Esse resultado vai ao encontro de outros estudos na área, que têm demonstrado

a forte influência que a qualidade da relação com os cuidadores exerce sobre a satisfação das mulheres no parto (Domingues et al. 2004; Fowles, 1998; Green & Baston 2003; Hodnett, 2002; Motta, 2003; Santos & Silbert, 2001; Waldenström, 2004 & Waldenström et al. 2004). Identificou-se também que as profissionais de enfermagem desempenham um papel importante na maneira como as mulheres percebem a assistência recebida, principalmente na proporção em que fornecem explicações sobre o que está acontecendo durante o processo de parto na maternidade.

Quanto aos aspectos negativos da assistência, embora tenham sido menos citados, o que teve maior ocorrência foi o atendimento prestado por alguns profissionais de saúde. Entre esses casos, encontraram-se situações em que as mulheres assistidas perceberam o atendimento como grosseiro, impaciente, desumano, pouco atencioso, entre outras características apontadas. Contribuíram para a produção desses dados principalmente as mulheres solteiras. Waldenström (2004) encontrou uma associação entre essa condição social e a avaliação negativa da experiência do parto.

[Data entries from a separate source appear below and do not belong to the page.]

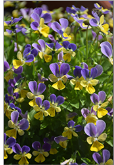
Hip Hop Bluebunny Pansy flowers
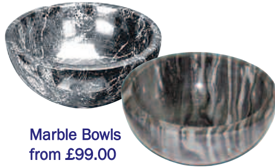
Marble Bowls from £99.00
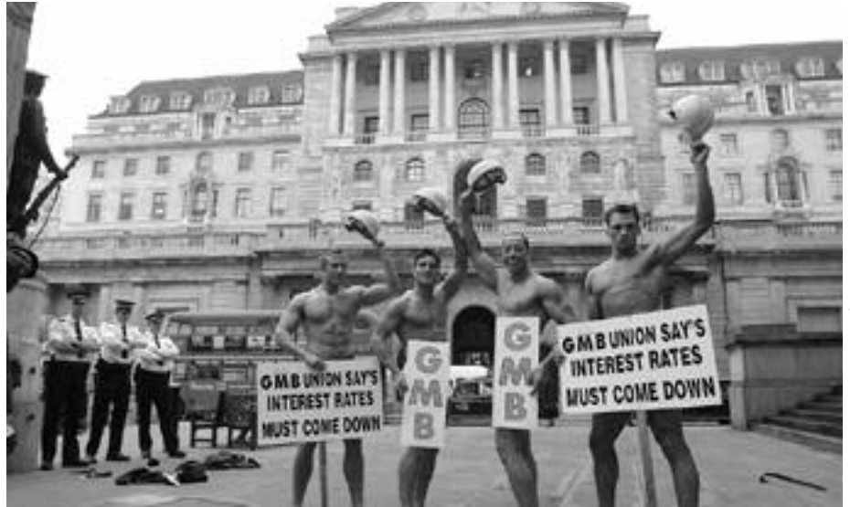
GMB members made redundant from manufacturing industry make their stand outside the Bank of England during December's monthly interest-setting meeting.

Baird is still in legal dispute with Marks & Spencer over the loss of its contracts. Already 4,000 jobs were lost, and it is doubtful if the buy out will mean any more jobs.
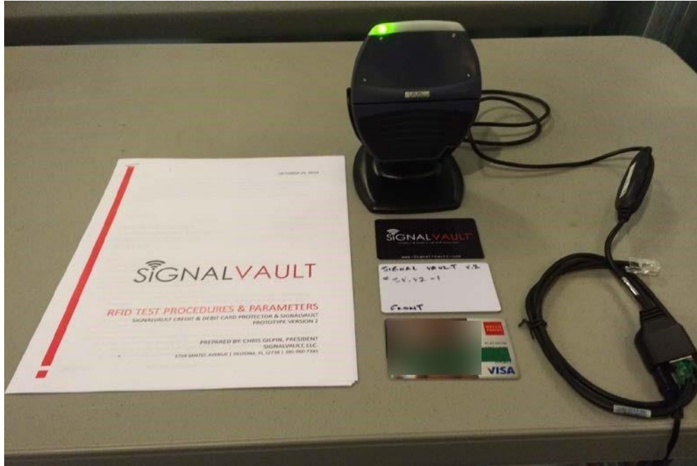
Figure 1: Overall Setup Photo
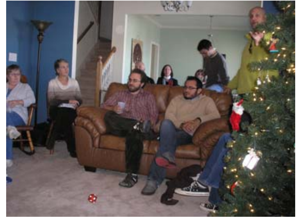
Lasagna Luncheon to discuss growth at Hope Fellowship.
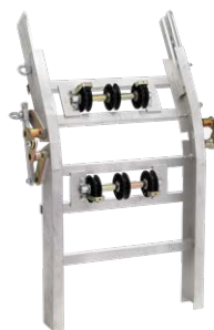
Angle track section Art. No. 02828
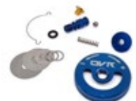
OVR ADJUST KIT ND-300-OVR-102

Essa autora realizou um estudo que buscou compreender os fatores que poderiam ter contribuído para que a avaliação do parto tendesse a se tornar mais negativa com o tempo e identificou, com relação à assistência, que o fato de a mulher não se sentir satisfeita com a atenção dispensada às suas necessidades pelos cuidadores foi o fator estatisticamente mais significativo que determinou que a sua opinião se tornasse menos positiva com o decorrer do tempo. Fowles (1998), em estudo que investigou as considerações de 77 mulheres dois meses após o parto, identificou entre as frustrações levantadas que a percepção negativa dos cuidadores foi o segundo aspecto mais citado nessa categoria, sendo que as mulheres se referiram a comportamentos dos profissionais que elas avaliaram como grosseiro, não cuidadoso e indesejável.

Ainda com relação à assistência propriamente dita, identificou-se que, ao falarem de como imaginam uma assistência ideal (classe 3), o aspecto mais mencionado pelas mulheres entrevistadas como algo que deveria estar sempre presente nessa assistência seria uma boa relação com os profissionais de saúde. Aqui, novamente, a atenção dispensada pelos profissionais é uma característica citada com freqüência. Além disso, na opinião das mulheres, permitir e possibilitar sempre a presença do acompanhante durante o processo de parto também seria uma característica importante da assistência ideal. Várias pesquisas têm apontado para os benefícios de um acompanhamento contínuo por pessoas que oferecem apoio emocional e físico à

parturiente (Brüggemann et al., 2005 & Hodnett, 2005), e o quanto as mulheres avaliam positivamente essa prática (Domingues, 2002; Hotimsky, 2001; Motta, 2003 & Santos & Siebert, 2001).

Portanto, esses dados parecem apontar para uma representação social entre as mulheres assistidas de que uma boa assistência é aquela em que os profissionais são atenciosos, sendo a atenção identificada com os aspectos definidos anteriormente. Uma assistência ruim, por outro lado, seria aquela em que os profissionais fossem pouco atenciosos com as parturientes e as tratassem de forma desrespeitosa.